I've been attempting to repair a broken key mechanism for a MacBook Pro 13" Retina (Late 2013, model A1502) which I've been given. When trying to reattach the mechanism to the keyboard I've noticed that two of the four retaining metal clips where the mechanism locates on the keyboard circuit board are broken.

I've uploaded a photo (see here), if you look at the bottom of the area where the key is missing you'll see that there are no clips. I've removed the down arrow and can see that there should be two sets of two clips.

I know the keyboard for the Retina models is part of the upper assembly so a swap out is no go. At the moment only the upper retaining clips are present meaning the key falls off easily. Does anybody have any ideas on how I can fix this so that the key stays on? The only ideas I have are to attempt to solder new clips on or to try and attach something to the bottom edge of the up arrow key to feed under the down arrow key.
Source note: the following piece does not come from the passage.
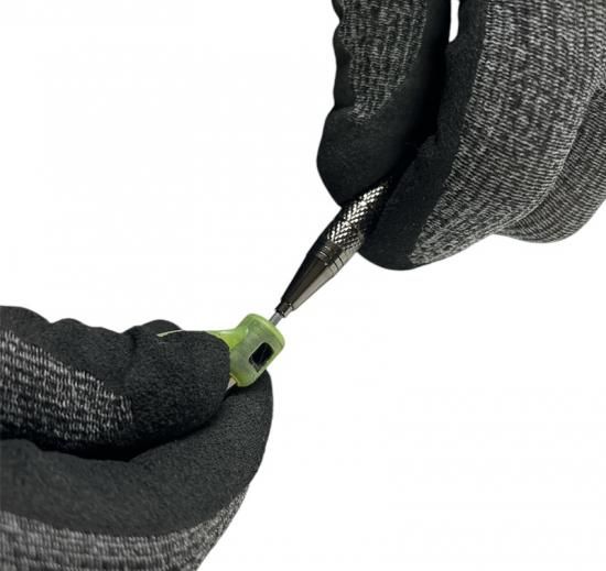 さらに、業界に先駆けてワンタッチクリップを採用しているため、厚い腰袋に手軽に収納できる点も魅力。

I think this is unrepairable without spending £££ and lots of time but if anybody has any magic ideas they would be appreciated. Thanks!

Update

Thanks for the replies folks. I've marked up the original photo to show what is missing, it's the metal clips which stick upright from the keyboard base (they've broken off). I replaced the plastic butterfly clip on the key, it's only when I attempted to attach the key that I realised something was missing.

It looks like this is beyond repair balancing cost / effort. The solder suggestion was to attach fabricated clips but the chances of them lasting and the heat of the soldering iron not damaging something are slim. The best effort fix is to stick electrical tape over the key to stop it falling off!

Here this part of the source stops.